Is the code below supposed to be working ? With our understanding of OpenCL, it should be working, and we did a lot of research, but never really got any clear answer..

kernel void ray_sort(
    global read_only uint *prefix_sum,
    global read_write struct s_ray_state *ray_states,
    global read_only uint *ray_states_size,
    local read_write struct s_ray_state *tmp
)
{
    int l_size = get_local_size(0);
    int l_id = get_local_id(0);
    int group_id = -1;
    int group_nb = *ray_states_size / l_size;
    int state_id;

    while (++group_id < group_nb)
    {
        state_id = group_id * l_size + l_id;
        tmp[l_id] = ray_states[state_id];
        barrier(CLK_LOCAL_MEM_FENCE);
        if (did_hit(tmp[l_id]))
            ray_states[prefix_sum[state_id]] = tmp[l_id];
        barrier(CLK_GLOBAL_MEM_FENCE);
    }
}

ray_states length is ray_states_size

prefix_sum contains indices at which each ray_states element must be moved to

tmp is a local buffer of size local_work_size

local_work_size = global_work_size

did_hit() returns 1 if the ray hits an object, 0 otherwise

We're expecting the ray_states elements to be moved to the indices contained in prefix_sum

Example: Each ray_states[id] gets moved to prefix_sum[id] index in ray_states

prefix_sum: 0 | 0 | 1 | 1 | 2 | 3 | 3 | 3 | 4

did_hit(ray_states[id]): 0 | 1 | 0 | 1 | 1 | 0 | 0 | 1 | 0

did_hit(output[id]): 1 | 1 | 1 | 1 | X | X | X | X | X

Xs can be anything

1

There are 1 best solutions below

4
On

I could be completely off here, but it seems to me with did_hit(ray_states[state_id]) you are reading the same piece of global memory which you put into a local memory buffer tmp just 2 lines above. Which wouldn't be a problem, except you are using that buffer for both input and output.

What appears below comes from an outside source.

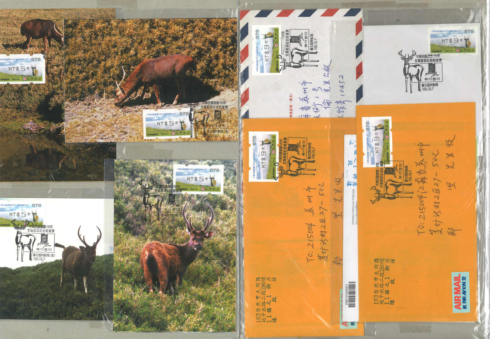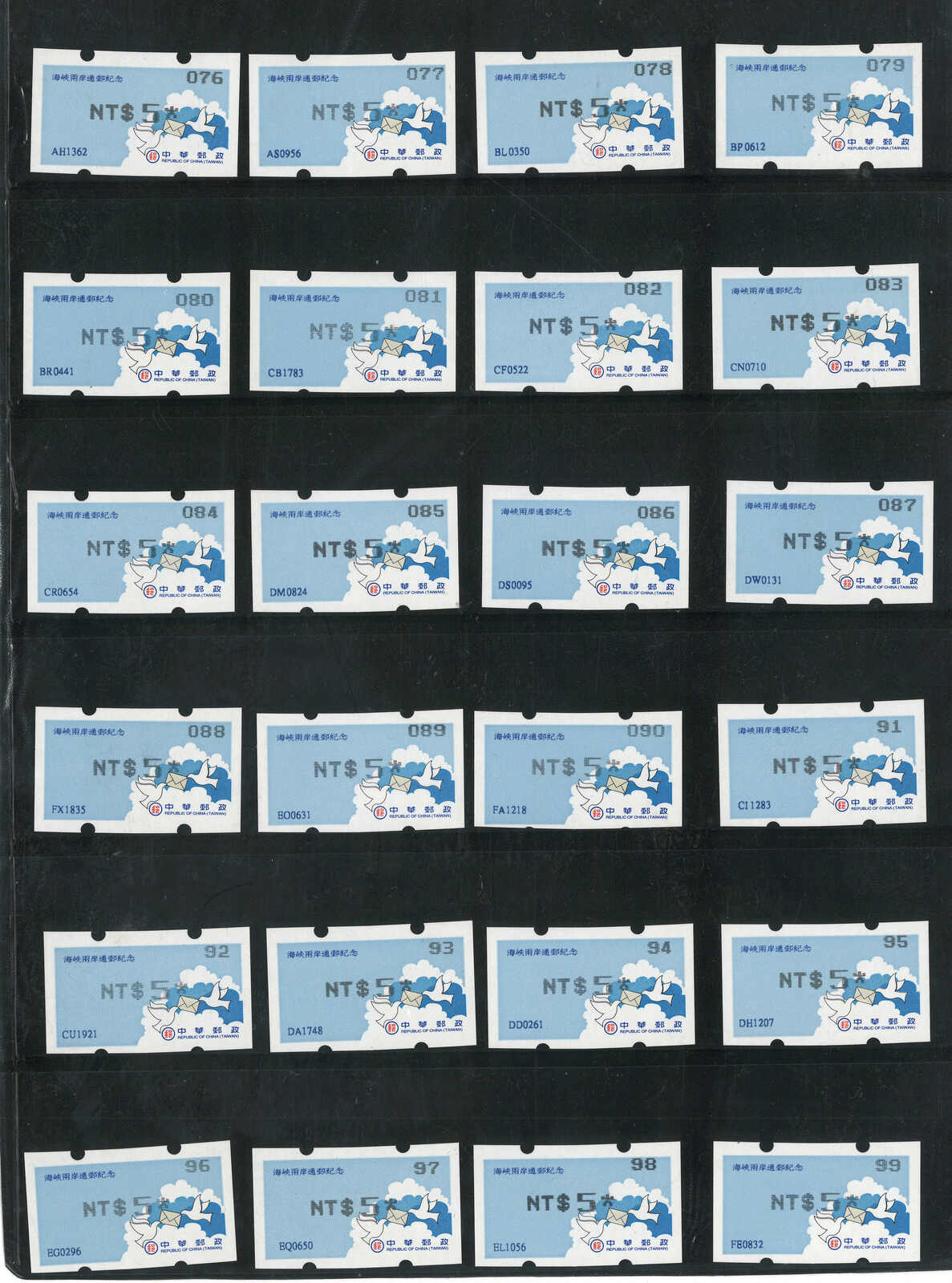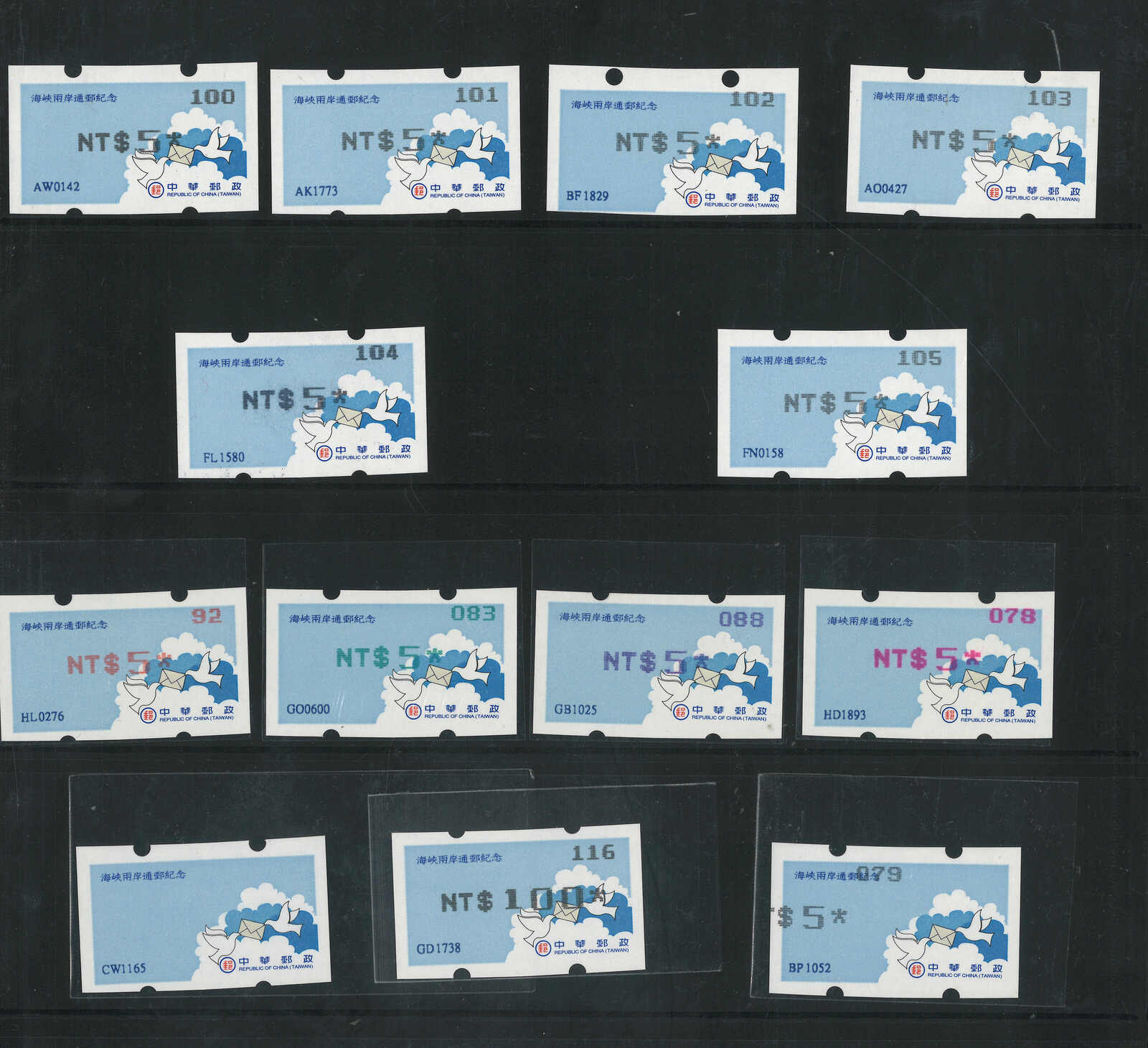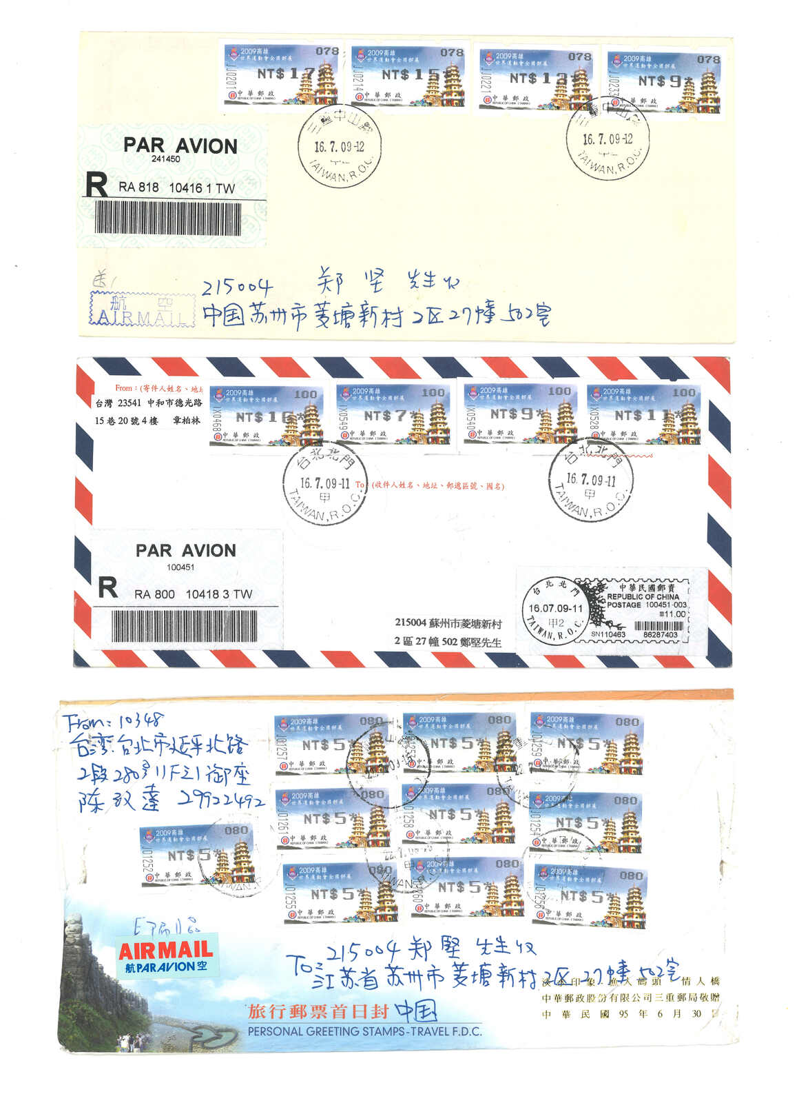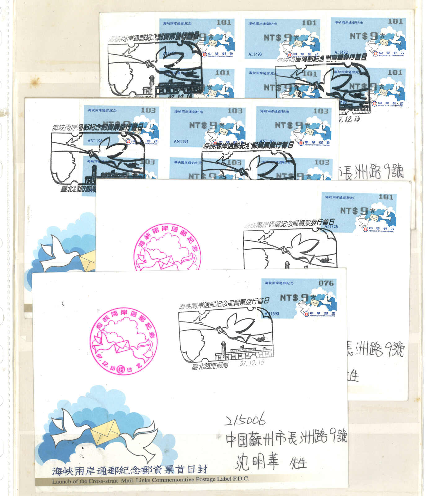 3431 cover image2009 a comprehensive collection of Taiwan 1st Anniv of Cross-strait Direct Mail Service ATM stamps, containing about 150 stamps and 100 covers, including specimen stamps, FDC, commemorative covers, airplane picture postcards etc. Please view.

The way i see it, what actually happens on the hardware is this:

    tmp[l_id] = ray_states[state_id];
    tmp[l_id] = ray_states[state_id];
    tmp[l_id] = ray_states[state_id];
    tmp[l_id] = ray_states[state_id];
    tmp[l_id] = ray_states[state_id];

       ... local-work-size times

    barrier(CLK_LOCAL_MEM_FENCE);

    if (did_hit(ray_states[state_id]))
        ray_states[prefix_sum[state_id]] = tmp[l_id];
    if (did_hit(ray_states[state_id]))
        ray_states[prefix_sum[state_id]] = tmp[l_id];
    if (did_hit(ray_states[state_id]))
        ray_states[prefix_sum[state_id]] = tmp[l_id];
    if (did_hit(ray_states[state_id]))
        ray_states[prefix_sum[state_id]] = tmp[l_id];

      ... again local-work-size times

Considering WItem parallel execution order is undefined (hardware may chose any order it wants), this will lead to random results. Can you try this instead:

    if (did_hit(tmp[l_id]))
        ray_states[prefix_sum[state_id]] = tmp[l_id];

BTW if ray_states_size is just a simple integer, you can pass it directly, by making the argument "uint ray_states_size". No need to fool around with buffers there.

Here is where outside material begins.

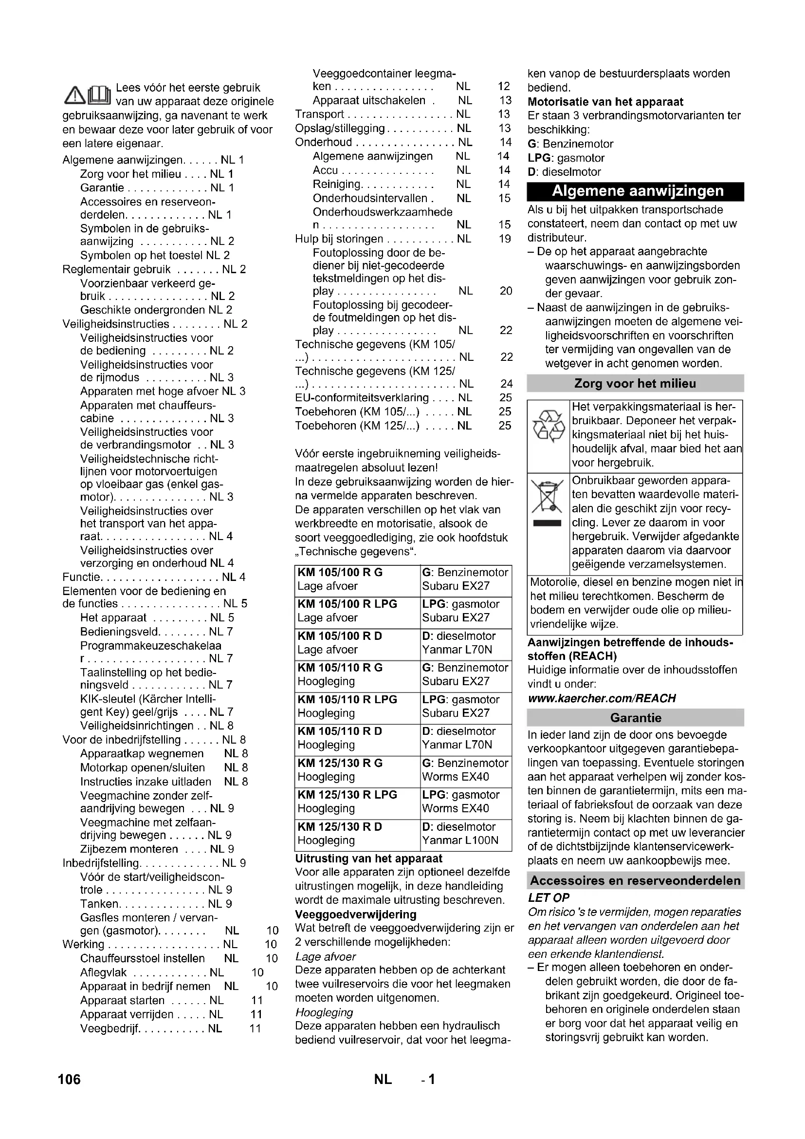 t transport van het appa- raat. . . . . . . . . . . . . . . . . NL 4 Veiligheidsinstructies over verzorging en onderhoud NL 4 Functie. . . . . . . . . . . . . . . . . . . NL 4 Elementen voor de bediening en de functies . . . . . . . . . . . . . . . . NL 5 Het apparaat . . . . . . . . . NL 5 Bedieningsveld. . . . . . . . NL 7 Programmakeuzeschakelaa r . . . . . . . . . . . . . . . . . . . NL 7 Taalinstelling op het bedie- ningsveld . . . . . . . . . . . . NL 7 KIK-sleutel (Kärcher Intelli- gent Key) geel/grijs . . . . NL 7 Veiligheidsinrichtingen . . NL 8 Voor de inbedrijfstelling . . . . . . NL 8 Apparaatkap wegnemen NL 8 Motorkap openen/sluiten NL 8 Instructies inzake uitladen NL 8 Veegmachine zonder zelf- aandrijving bewegen . . . NL 9 Veegmachine met zelfaan- drijving bewegen . . . . . . NL 9 Zijbezem monteren . . . . NL 9 Inbedrijfstelling. . . . . . . . . . . . . NL 9 Vóór de start/veiligheidscon- trole . . . . . . . . . . . . . . . . NL 9 Tanken. . . . . . . . . . . . . . NL 9 Gasfles monteren / vervan- gen (gasmotor). . . . . . . . NL 10 Werking . . . . . . . . . . . . . . . . . . NL 10 Chauffeursstoel instellen NL 10 Aflegvlak . . . . . . . . . . . . NL 10 Apparaat in bedrijf nemen NL 10 Apparaat starten . . . . . . NL 11 Apparaat verrijden . . . . . NL 11 Veegbedrijf. . . . . . . . . . . NL 11 Veeggoedcontainer leegma- ken . . . . . . . . . . . . . . . . NL 12 Apparaat uitschakelen . NL 13 Transport . . . . . . . . . . . . . . . . . NL 13 Opslag/stillegging . . . . . . . . . . . NL 13 Onderhoud . . . . . . . . . . . . . . . . NL 14 Algemene aanwijzingen NL 14 Accu . . . . . . . . . . . . . . . NL 14 Reiniging. . . . . . . . . . . . NL 14 Onderhoudsintervallen . NL 15 Onderhoudswerkzaamhede n . . . . . . . . . . . . . . . . . . NL 15 Hulp bij storingen . . . . . . . . . . . NL 19 Foutoplossing door de be- diener bij niet-gecodeerde tekstmeldingen op het dis- play . . . . . . . . . . . . . . . . NL 20 Foutoplossing bij gecodeer- de foutmeldingen op het dis- play . . . . . . . . . . . . . . . . NL 22 Technische gegevens (KM 105/ ...) . . . . . . . . . . . . . . . . . . . . . . . NL 22 Technische gegevens (KM 125/ ...) . . . . . . . . . . . . . . . . . . . . . . . NL 24 EU-conformiteitsverklaring . . . . NL 25 Toebehoren (KM 105/...) . . . . . NL 25 Toebehoren (KM 125/...) . . . . . NL 25 KM 105/100 R G Lage afvoer G: Benzinemotor Subaru EX27

EDIT1: my suggestion will only work if prefix_sum[state_id] doesn't have any duplicates in every local-work-size worth of ids, otherwise there will still be a data race. So e.g. if for both state_id-s 1 and 3 the prefix_sum[state_id] array has 0, and your local WG size is >= 4, there will be a data race.

Also, is there some really good reason you must use the same buffer for input and output ? it seems to me it'd be a lot less complicated if you had separate in/out buffers.

EDIT2: i just noticed you said "the rays are always moved in the buffer to a smaller index than their original" (sorry i missed it). That's good, but not enough - are they always moved to a smaller index then any other ray's index in the same local WG ? if yes, good, but there's still the other data race i mentioned.